## What the task asks
In the entries below, find the line with "Oval shaped Sterling" and the line with "綠葉思科藥業(yè)順利通過"; reproduce those two lines and all lines between them exactly, without pictures.

## Extracted material
== Segment start ==

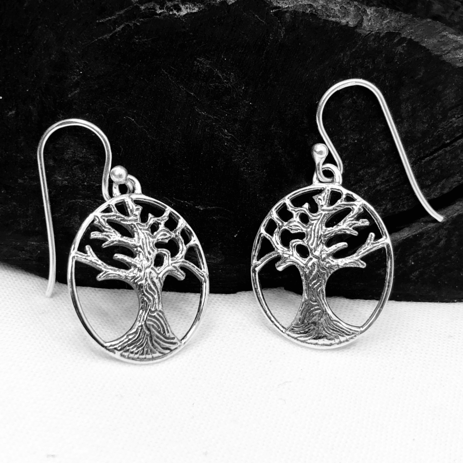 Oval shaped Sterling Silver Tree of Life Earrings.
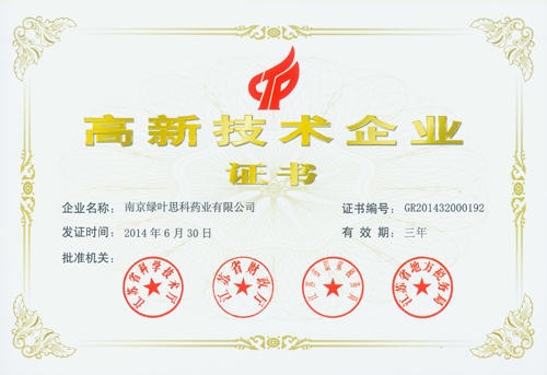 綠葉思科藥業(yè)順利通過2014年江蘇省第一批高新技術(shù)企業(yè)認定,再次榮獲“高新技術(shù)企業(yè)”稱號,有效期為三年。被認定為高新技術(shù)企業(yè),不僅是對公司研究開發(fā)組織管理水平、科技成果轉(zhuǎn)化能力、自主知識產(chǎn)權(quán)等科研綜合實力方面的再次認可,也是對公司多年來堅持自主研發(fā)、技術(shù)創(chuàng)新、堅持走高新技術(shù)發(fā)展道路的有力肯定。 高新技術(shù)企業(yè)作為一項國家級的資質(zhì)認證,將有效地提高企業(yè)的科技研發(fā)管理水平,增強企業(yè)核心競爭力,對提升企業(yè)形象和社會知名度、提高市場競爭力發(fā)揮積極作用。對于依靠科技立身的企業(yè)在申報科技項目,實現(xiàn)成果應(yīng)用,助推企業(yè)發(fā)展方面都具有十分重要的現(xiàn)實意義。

== Segment end ==
== Segment start ==

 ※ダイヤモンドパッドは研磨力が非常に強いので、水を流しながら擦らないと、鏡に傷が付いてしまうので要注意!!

== Segment end ==

## The completed task
 Oval shaped Sterling Silver Tree of Life Earrings.
 綠葉思科藥業(yè)順利通過2014年江蘇省第一批高新技術(shù)企業(yè)認定,再次榮獲“高新技術(shù)企業(yè)”稱號,有效期為三年。被認定為高新技術(shù)企業(yè),不僅是對公司研究開發(fā)組織管理水平、科技成果轉(zhuǎn)化能力、自主知識產(chǎn)權(quán)等科研綜合實力方面的再次認可,也是對公司多年來堅持自主研發(fā)、技術(shù)創(chuàng)新、堅持走高新技術(shù)發(fā)展道路的有力肯定。 高新技術(shù)企業(yè)作為一項國家級的資質(zhì)認證,將有效地提高企業(yè)的科技研發(fā)管理水平,增強企業(yè)核心競爭力,對提升企業(yè)形象和社會知名度、提高市場競爭力發(fā)揮積極作用。對于依靠科技立身的企業(yè)在申報科技項目,實現(xiàn)成果應(yīng)用,助推企業(yè)發(fā)展方面都具有十分重要的現(xiàn)實意義。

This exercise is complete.